■ **WHAT THE TASK REQUIRES**
Your task is to repeat all of the data exactly while excluding the pictures.
━━━━━ GIVEN INFORMATION
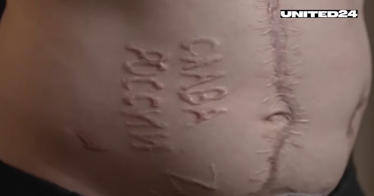 乌克兰战俘佩列韦泽夫指控,被俘期间遭俄兵在腹部右侧烙印「荣耀归于俄罗斯」,照片曝光可见明显伤疤,十分骇人。(取材自New York Post在YT的影音)
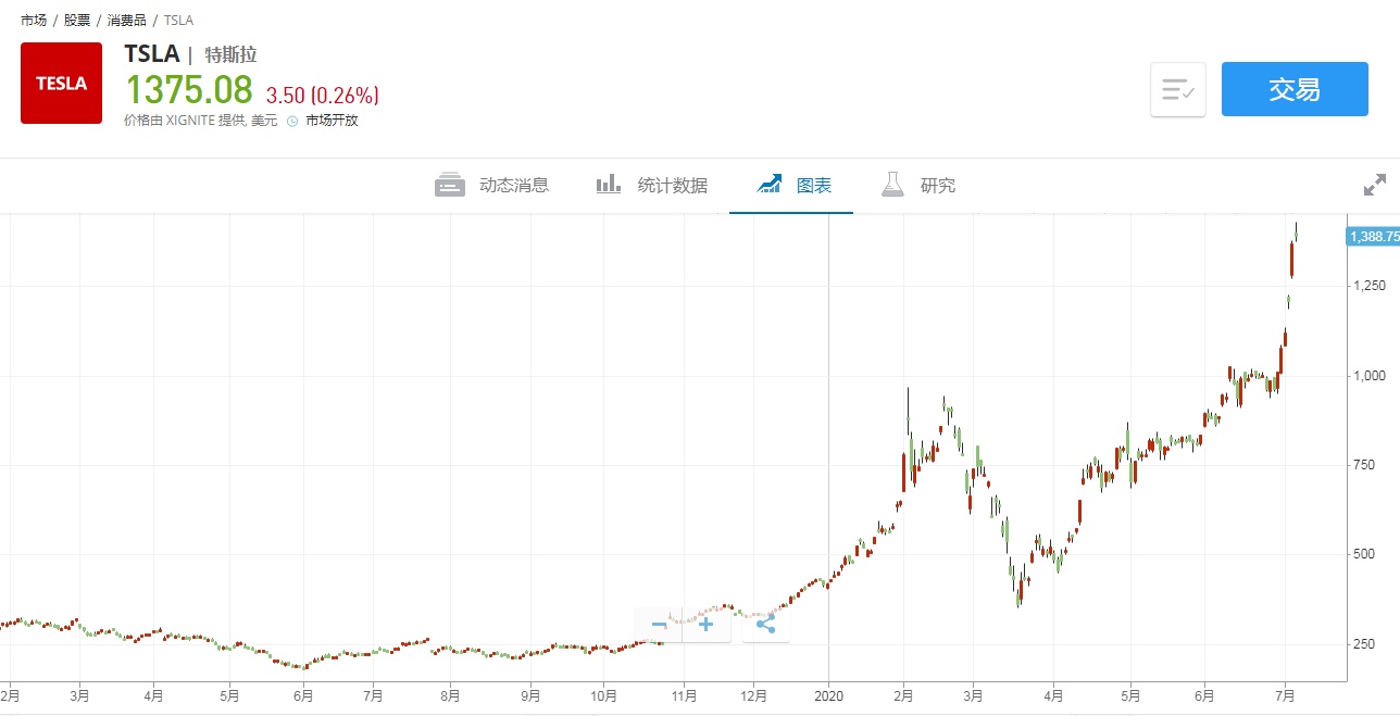 智通财经APP获悉,7月7日(周二)美股开盘,特斯拉(TSLA.US)涨3.36%,截至北京时间21:36,报1417.73美元。
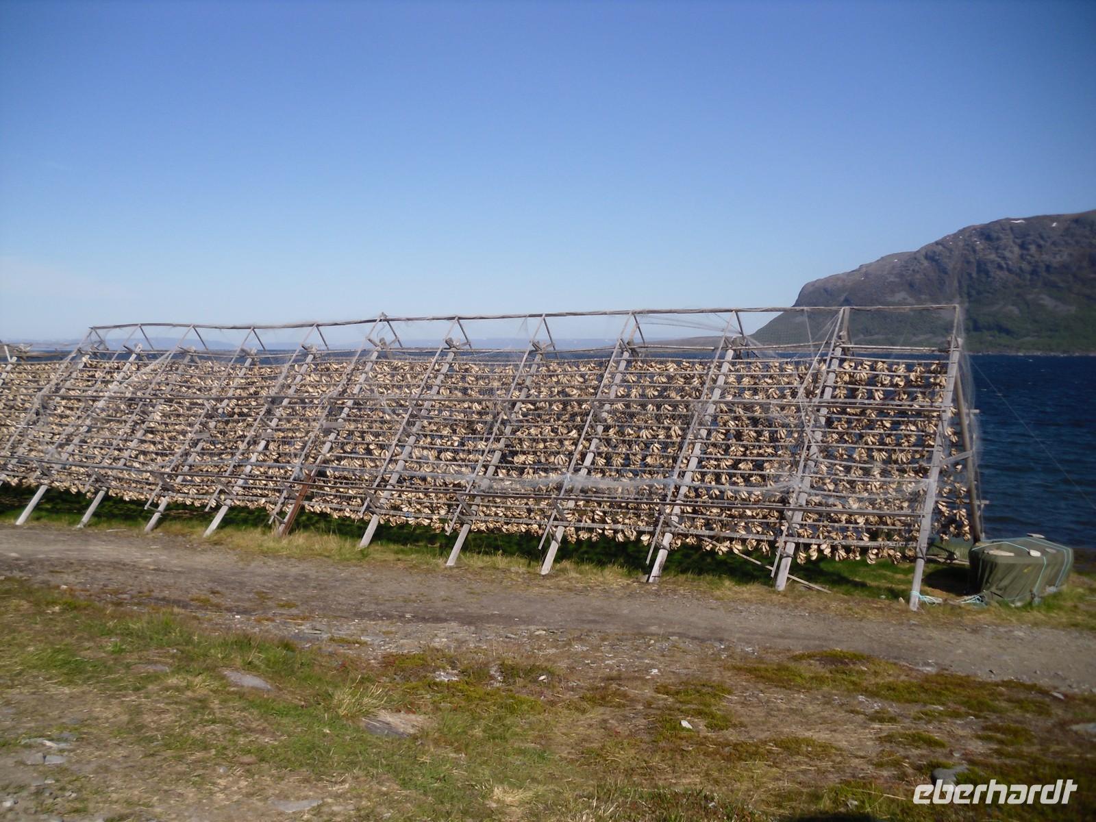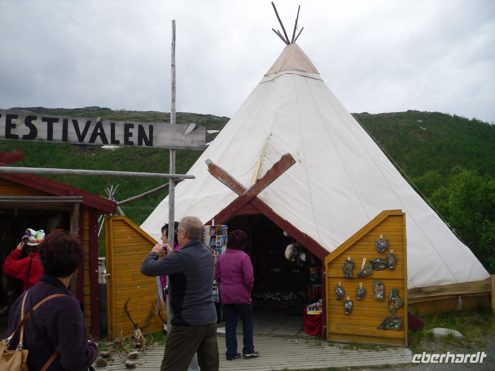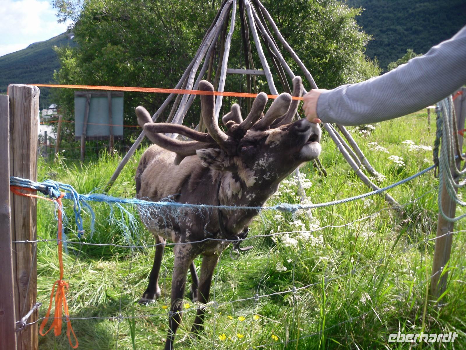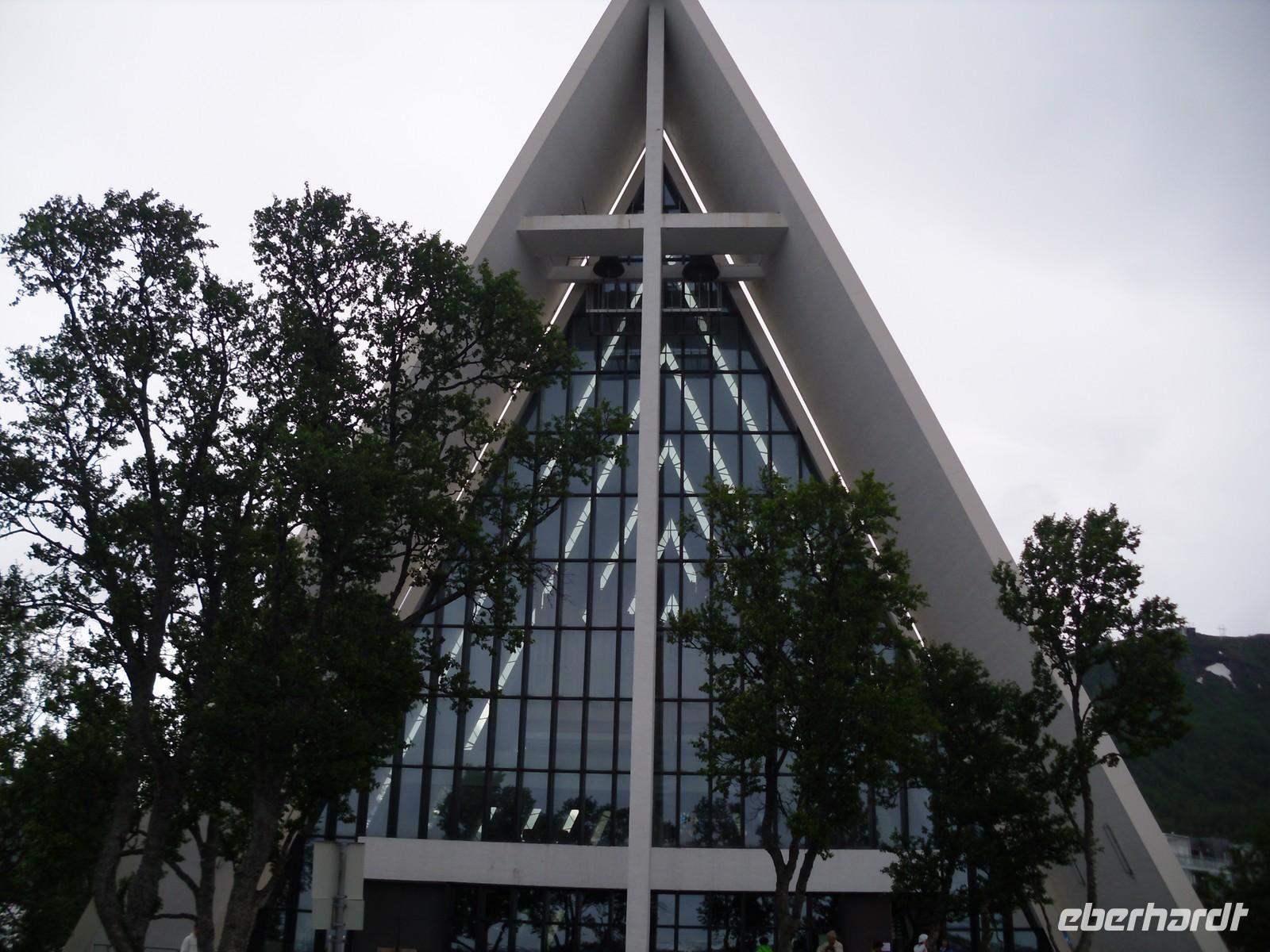 Heute Morgen besichtigen wir die fantastische Eismeerkathedrale, ihr Bau erinnert an die mächtigen Trockenfischgestelle in Nordnorwegen. Wir setzen unsere Fahrt heute im Regen fort, auch haben wir es etwas kälter als die letzten Tage. So kommt uns ein nächster Stopp bei den Samen an der E6 ganz recht. Im großen Zelt lodert ein wärmendes Feuer, auch die Rentiersuppe übern Feuer können wir kosten. Es wird fleißig Fotografiert und eingekauft, es gibt Rentiersalami. Über die Tjeldsundbrücke fahren wir hinein nach Harstad, immer noch bei Regen. Zur Halbinsel Trondenes führt uns der Weg, hier besichtigen wir die alte Steinkirche mit der noch im Original erhaltenen Eingangstür mit eingelassener Elle. Wegen der bevorstehenden Mitsommernacht findet hier zu später Stunde noch ein Konzert statt und dafür wird schon mal kräftig an der Orgel
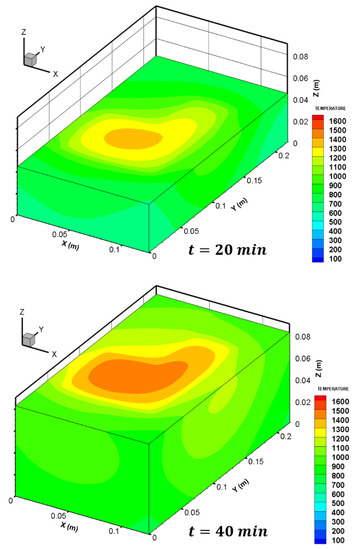 The numerical simulation calculates the 3D temperature field at any time of the melting process as shown in Figure 13. An increase in the surface temperature with time is noticed, and the maximum surface temperature is located just below the edge of the steel bar (i.e., approximately above the thermocouple tc8).
━━━━━━━━━━
■ **WRITTEN RESPONSE**
 乌克兰战俘佩列韦泽夫指控,被俘期间遭俄兵在腹部右侧烙印「荣耀归于俄罗斯」,照片曝光可见明显伤疤,十分骇人。(取材自New York Post在YT的影音)
 智通财经APP获悉,7月7日(周二)美股开盘,特斯拉(TSLA.US)涨3.36%,截至北京时间21:36,报1417.73美元。
 Heute Morgen besichtigen wir die fantastische Eismeerkathedrale, ihr Bau erinnert an die mächtigen Trockenfischgestelle in Nordnorwegen. Wir setzen unsere Fahrt heute im Regen fort, auch haben wir es etwas kälter als die letzten Tage. So kommt uns ein nächster Stopp bei den Samen an der E6 ganz recht. Im großen Zelt lodert ein wärmendes Feuer, auch die Rentiersuppe übern Feuer können wir kosten. Es wird fleißig Fotografiert und eingekauft, es gibt Rentiersalami. Über die Tjeldsundbrücke fahren wir hinein nach Harstad, immer noch bei Regen. Zur Halbinsel Trondenes führt uns der Weg, hier besichtigen wir die alte Steinkirche mit der noch im Original erhaltenen Eingangstür mit eingelassener Elle. Wegen der bevorstehenden Mitsommernacht findet hier zu später Stunde noch ein Konzert statt und dafür wird schon mal kräftig an der Orgel
 The numerical simulation calculates the 3D temperature field at any time of the melting process as shown in Figure 13. An increase in the surface temperature with time is noticed, and the maximum surface temperature is located just below the edge of the steel bar (i.e., approximately above the thermocouple tc8).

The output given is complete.